Uptown truck facility slammed

Manhattan_Times_News.png By Gregg McQueen

It’s a trucking nightmare.

Uptown residents and elected officials are riled up over a city-owned site that the Department of Transportation (DOT) recently transformed into a maintenance truck lot.

The lot, located at 672 West 158th Street near the West Side Highway, was previously the home of “Safety City,” a fenced-in replication of city intersections used to teach school children about traffic safety.

Locals say that the site was repurposed by DOT in March as a truck parking facility, which is disturbing nearby residents with noise and fumes as early as 4:30 a.m.

“The trucks start up early in the morning,” said Henry Brockington, who lives next to the lot. “There’s fumes, noise, traffic, everything is worse since they started putting trucks in here.”

April Ellis, who lives across the street, said she is concerned for her two young sons due to increased truck traffic.

“It’s a very heavily-trafficked street as it is,” said Ellis, who voiced concern that the trucks endanger families attempting to access a nearby park. “To add to that, I think it’s too much.”

“[It’s] disrupting local life in the midst of a densely populated area,” said City Councilmember Mark Levine at a May 23 press conference next to the lot.

In February, Levine and Manhattan Borough President Gale Brewer first stood at the site, then used as Safety City, and called on the de Blasio administration to use the lot to build affordable housing.

They said Safety City was “dramatically underused” and suggested that as many as 200 low-income families could be housed at the site.

At the time, DOT responded that Safety City was “a critical tool” in “carrying out the agency’s core mission” and educating more than 6,000 children annually on pedestrian safety.

On May 23, Levine and Brewer ripped the agency for changing the use of the site after insisting that Safety City was too important for the lot to be repurposed for affordable housing.

“The DOT told us, in no uncertain terms, it had to be used for training, they told us they needed every square inch of this property,” Levine said. “This is unacceptable, and we are here to call out DOT for this disingenuous policy making.”

“This was really sneaky. Very, very sneaky, and really wrong of a city agency,” remarked Brewer.

She suggested that the repurposing was a response by DOT to complaints that the site was underused, and chided the agency for not listening to resident concerns.

“You need to have a discussion about what the community wants.
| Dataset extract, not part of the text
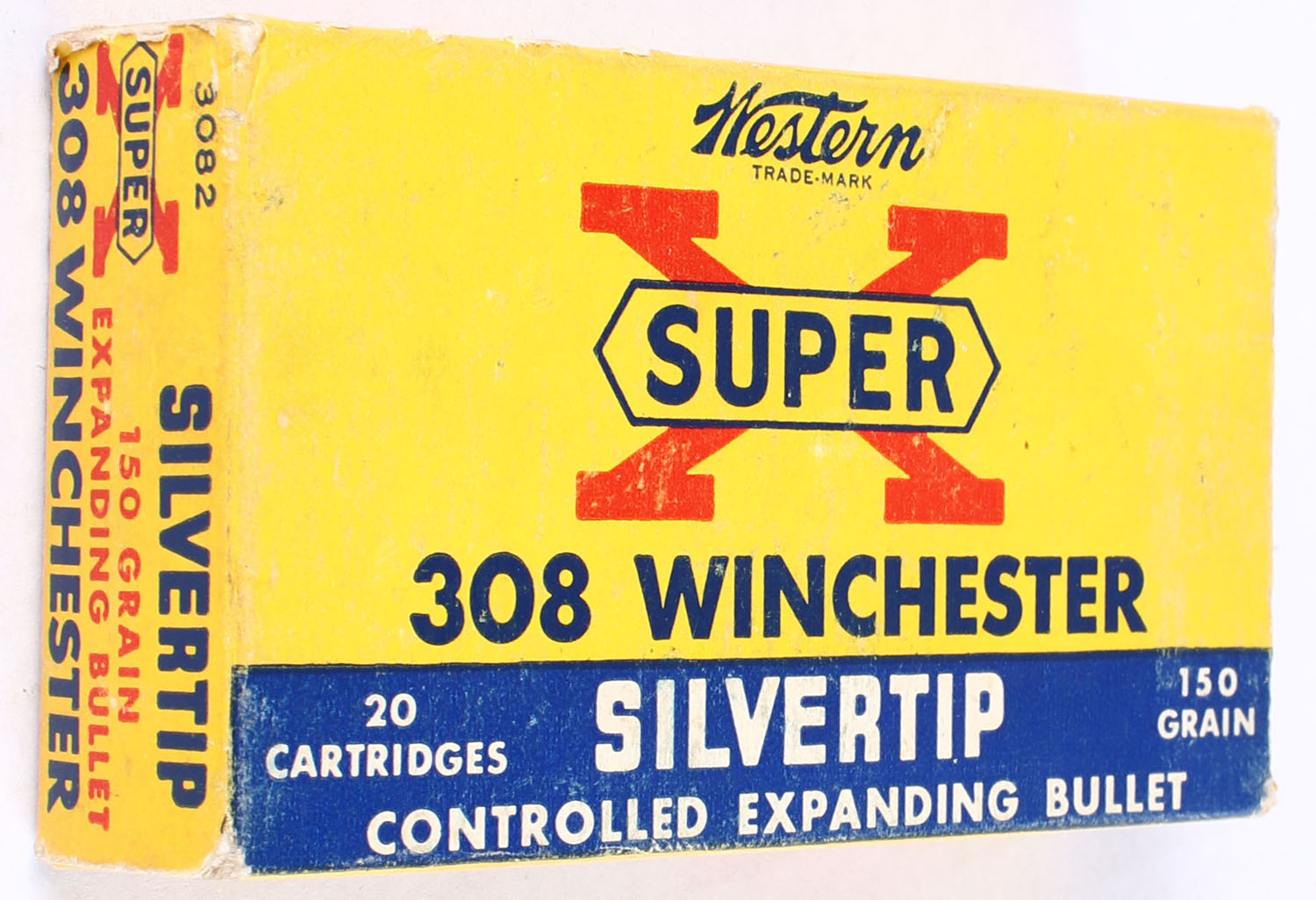 Western, Super X Silvertip, .308 Winchester, 150 Grain Controlled Expanding Bullet, Full, 1pc. Yellow blue & red box, box is solid with excellent color, very minor age soiling, minor corner & edge wear, end flaps are solid, ammo is excellent. Grade: Excellent - Value: 40 to 60

You may agree or disagree, but you sure need to have a conversation,” Brewer stated.

“The whole issue of not having community input is very, very important,” said Leonora Nelson, who has lived in the neighborhood since 1954. “We cannot continue to feel that we’re being left outside of the loop.”

In an email to Manhattan Times, DOT spokeswoman Alana Morales explained that the 158th Street lot was repurposed due to a priority need involving pedestrian ramp repairs, and said that elected officials and the Community Board were informed of the change.

“The trucks start up early in the morning,” said Henry Brockington, who lives next to the lot.

“It is now a facility to base DOT crews that help install Vision Zero Street Improvement Projects (SIPs) and perform critical pedestrian ramp upgrades,” Morales wrote. “Crews set out to conduct this vital safety work early in the day and we are taking measures to mitigate noise resulting from these mobilizations.”

“Our SIP work is making an impact with fatalities on a continued decline and 2017 being the safest year on record,” Morales added. “Our pedestrian ramp repair efforts are highly prioritized in the upcoming budget with well over $100 million in annual funding and hundreds of additional employees allocated for this work, which will include assessing over 300,000 pedestrian ramp locations across our complex street network.”

During the press conference, the DOT lot contained several parked trucks but displayed little activity, which Levine dubbed “a show” staged by the DOT to make the site seem less intrusive for the media.

“This is far fewer trucks than usual. They knew about this press conference. They tried to make it look low-impact,” he said. “No show during a press conference is going to fool the community.”